The Berbers who settled this region took environmental adaptation to another level, constructing underground homes as an escape from the desert inferno. These dwellings resemble manicured bomb craters from above, and many are invisible from ground level until you’re right on them. Just outside Matmata, we stopped at one for tea and a look around. A certain “human zoo” atmosphere permeates the vibe, but it’s still worth a visit. Also, it provides a needed source of income for locals.
If a visit doesn’t suffice, you can stay at one of many hotels built on the same design. You'd be a complete asshole not to. We bid a not-so-fond farewell to our driver after finding Hotel Marhala, a cozy cave complex. In the immortal words of Bugs Bunny, “There ain't no place like a hole in the ground.”
We let a gentleman peddling day trips to the surrounding area talk us into hiring a car and driver for an excursion to the village of Toujane, a model of traditional Berber architecture. I’m sure it’s lovely. I wouldn't know because I never went. The driver flaked on us. After lunch, a call was made, but our motivation had cratered by then. Between Ksar Ghilane and this continuing debacle, we were tuckered out. Our dejection led us to nap time. Phil was still recovering from a bout of food poisoning, and I hadn’t slept well the previous evening.
Nap time was a bust, interrupted by the din of giddy tourists exploring the hotel. I emerged from our cave to discover a father entering a room with a video camera to the delight of his teenage children, an image underscored by the conveyor belt of tourists pouring off the buses. Super. I had half a mind to walk around sans pants with my wedding tackle swinging in the breeze. Stick this in your photo album, bitches.
Resistance was futile, so I grabbed my pack and went for a stroll. I noticed a small hill nearby with a rocky plateau that appeared to provide a decent view of the area. My stroll morphed into a hike, a refreshing intervention that bolstered my foul mood.

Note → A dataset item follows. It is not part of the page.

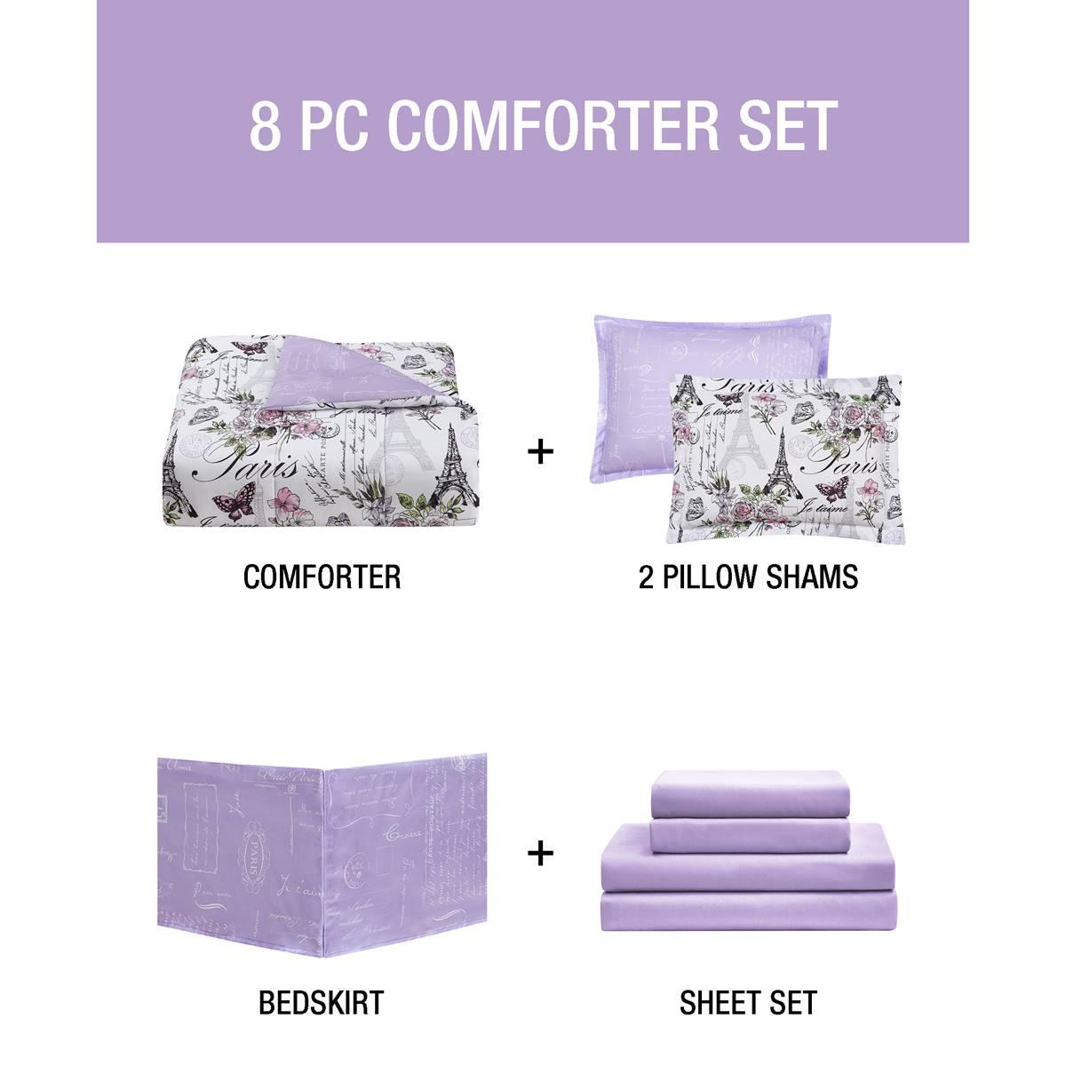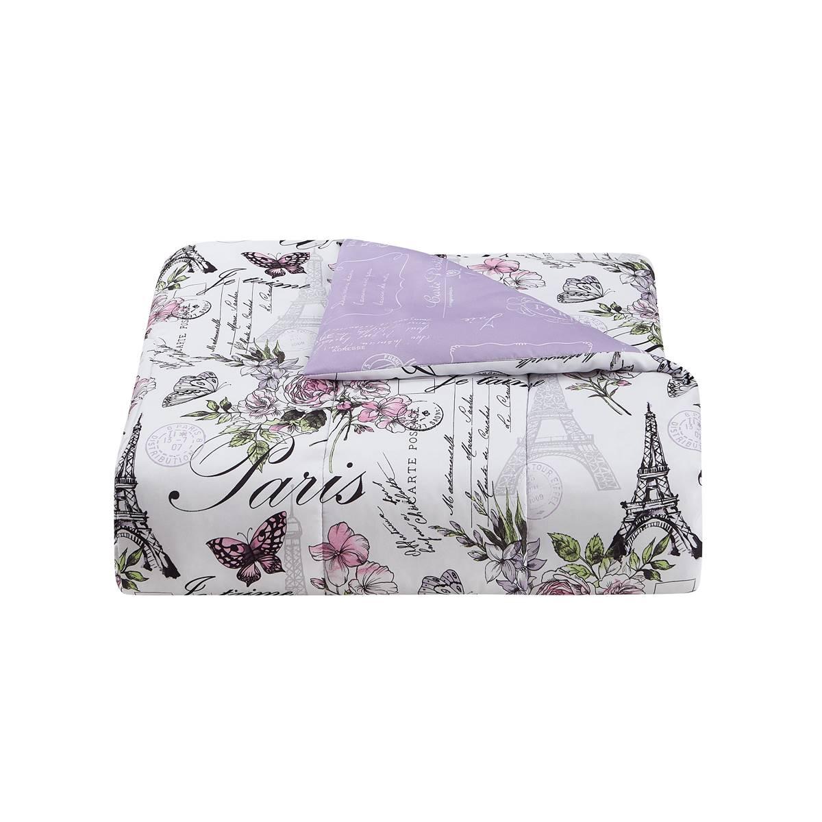 Travel to the city of lights with this Cedar Court Paris floral reversible comforter dedding set. Eiffel towers, roses, botanical leaves, postcards, and script French sayings decorate this set. The white background has pinks, lilac, green, grey, and soft black colors. It reverses to a soft lilac script typography print that decorates the bed skirt.

After the hike, I had to visit an old “friend.” I'd grown up with Luke, but never had the honor of visiting his home. It was high time I rectified this. By Luke, I am of course referring to Luke Skywalker, and by home, I mean the Hotel Sidi Driss, where scenes from Star Wars: Episode IV and Star Wars: Episode II were filmed. This is where Luke dined with his aunt and uncle while discussing their new droids (R2-D2 and C-3PO) and his future. It’s also where young Anakin visited younger versions of Luke's relatives.
Yes, the dork factor is strong with this one, but I couldn’t contain my giddiness. I fucking love the original Star Wars Trilogy. Love it. As a kid, these films blew my socks off. I could shit myself just sifting through the nostalgia. George Lucas may be a consummate douche packer in real life, but he knew how to capture our imagination. To emphasize the surreal nature of my visit, I had a few beers from the hotel bar. Not so Jedi-like, but darn entertaining. Obi-Wan would be disappointed. I’ve read the bar scene from Episode IV was also shot here, but it was difficult to see how. The room is preposterously small. (If you ever want to hit the "Balls To The Wall" setting on the Dork-O-Meter, check out Wookieepedia. Go.)
We discussed renting a car to troll the region, but in the end, decided to move on to Djerba. I’m certain the region is worth exploring, but neither of us had the energy to negotiate transport hire. Our patience wore too thin to salvage. The force was most definitely not with us. Sorry, Obi-Wan.